Switzerland's two largest banks are set to merge, with UBS announcing its acquisition of Credit Suisse in a deal brokered by the Swiss government. The move follows a tumultuous period for Credit Suisse, which has been hit by a series of financial and political scandals that have impacted its reputation and financial performance.
UBS has agreed to pay $3.2 billion in an all-share deal, representing a large discount compared to Credit Suisse's market capitalization just two days ago.
A History of Trouble
Credit Suisse was founded 166 years ago to help finance Switzerland's rail network. It quickly became a prominent international name in the banking sector and one of the most significant banks in the world.
However, in recent years, the bank's reputation has taken several significant hits, including being linked to a money laundering operation involving a cocaine trafficking ring in Bulgaria and hiring detectives to spy on an executive who left to work at a rival bank.
The most recent crisis for Credit Suisse came to a head last week when the bank announced "material weaknesses" in its financial reporting. The bank's troubles began long before this announcement, with its stock falling by over 80% in the last two years alone.
UBS's acquisition of Credit Suisse represents a significant shift in the banking sector. The combined company will have over $5 trillion in total invested assets, and UBS expects to make $8 billion in cost cuts over the next four years.
The Swiss government helped broker the deal, with an apparent goal of completing the merger before Asian markets open on Monday morning.
As part of the agreement, the Swiss National Bank has offered Credit Suisse and UBS up to $108 billion in liquidity assistance loans, according to a statement.
The Swiss government is also expected to speed up the deal by waiving the six-week waiting period normally required before a merger. Swiss authorities are not requiring UBS to get shareholder approval for the acquisition.
On Thursday, Credit Suisse borrowed $54 billion from the Swiss National Bank. Despite the central bank's offer to provide liquidity to Credit Suisse "if necessary," the bank's share price still slid almost 7% the following day.
Panicked investors and jittery depositors have been pulling billions out of the bank in recent days, leading to concerns that it could become insolvent without emergency measures.
Axel Lehmann, chairman of Credit Suisse Group (left) and Colm Kelleher, chairman of UBS Group, in Bern, Switzerland, on Sunday. UBS agreed to buy Credit Suisse in a historic, government-brokered deal aimed at containing a crisis of confidence that threatened to spread across global financial markets. | Credit to BLOOMBERG
The acquisition of Credit Suisse by UBS comes at a time of ongoing turmoil and alarm in the banking sector, sparked by the collapse of Silicon Valley Bank.
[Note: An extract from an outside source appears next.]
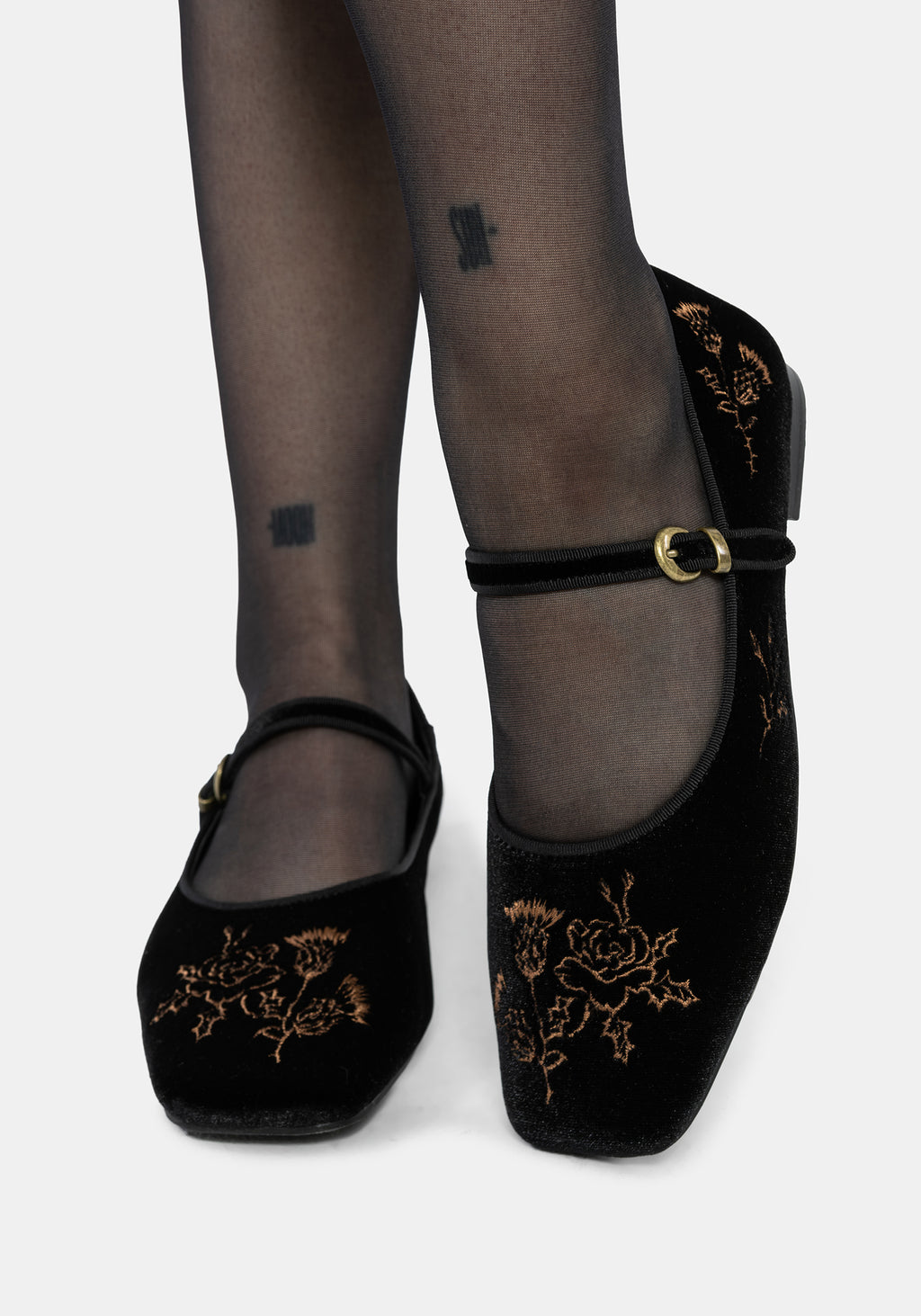 Nyla Velvet Embroidered Ballerina Pumps

Credit Suisse is a "global systemically important bank," which means that if it were to fail, it could have ripple effects throughout the global economy.
The Swiss government brokered the deal at a price significantly below Credit Suisse's market value in a bid to stabilize the bank and prevent further instability in the banking sector.
The global financial system
The acquisition of Credit Suisse by UBS represents a significant development in the banking sector and highlights the ongoing challenges facing financial institutions in a rapidly changing global economy. The deal was brokered by the Swiss government and provided a lifeline to stabilize the troubled bank.
However, the ongoing challenges facing the banking sector and the need for continued regulatory oversight and reform highlight the importance of careful management and responsible decision-making to ensure the stability and resilience of the global financial system.
Frequently Asked Questions
Why is UBS acquiring Credit Suisse?
UBS is acquiring Credit Suisse in an all-share deal to stabilize the troubled bank and the global banking sector. The move comes after Credit Suisse's reputation and financial performance were hit by a series of scandals, including "material weaknesses" in its financial reporting.
How much is UBS paying for Credit Suisse?
UBS is paying $3.2 billion in an all-share deal for Credit Suisse, which represents a significant discount compared to Credit Suisse's market capitalization just two days before the announcement.
What will the combined company's assets be?
The combined company will have over $5 trillion in total invested assets, making it one of the largest banks in the world.
Why did Credit Suisse agree to the deal with UBS?
Credit Suisse was facing significant financial and reputational challenges, and the merger with UBS provided a lifeline to stabilize the bank. The Swiss government played a crucial role in brokering the deal and offering liquidity assistance.
What does the merger mean for investors?
Credit Suisse investors will receive one UBS share for every 22.48 Credit Suisse shares held. The deal represents a large discount compared to Credit Suisse's market capitalization just two days ago, and UBS expects to make significant cost cuts over the next four years.
What does the merger mean for the global banking sector?
The merger provides stability to the troubled Credit Suisse and reduces the risk of ripple effects throughout the global economy. However, the ongoing challenges in the banking sector highlight the need for continued regulatory oversight and reform.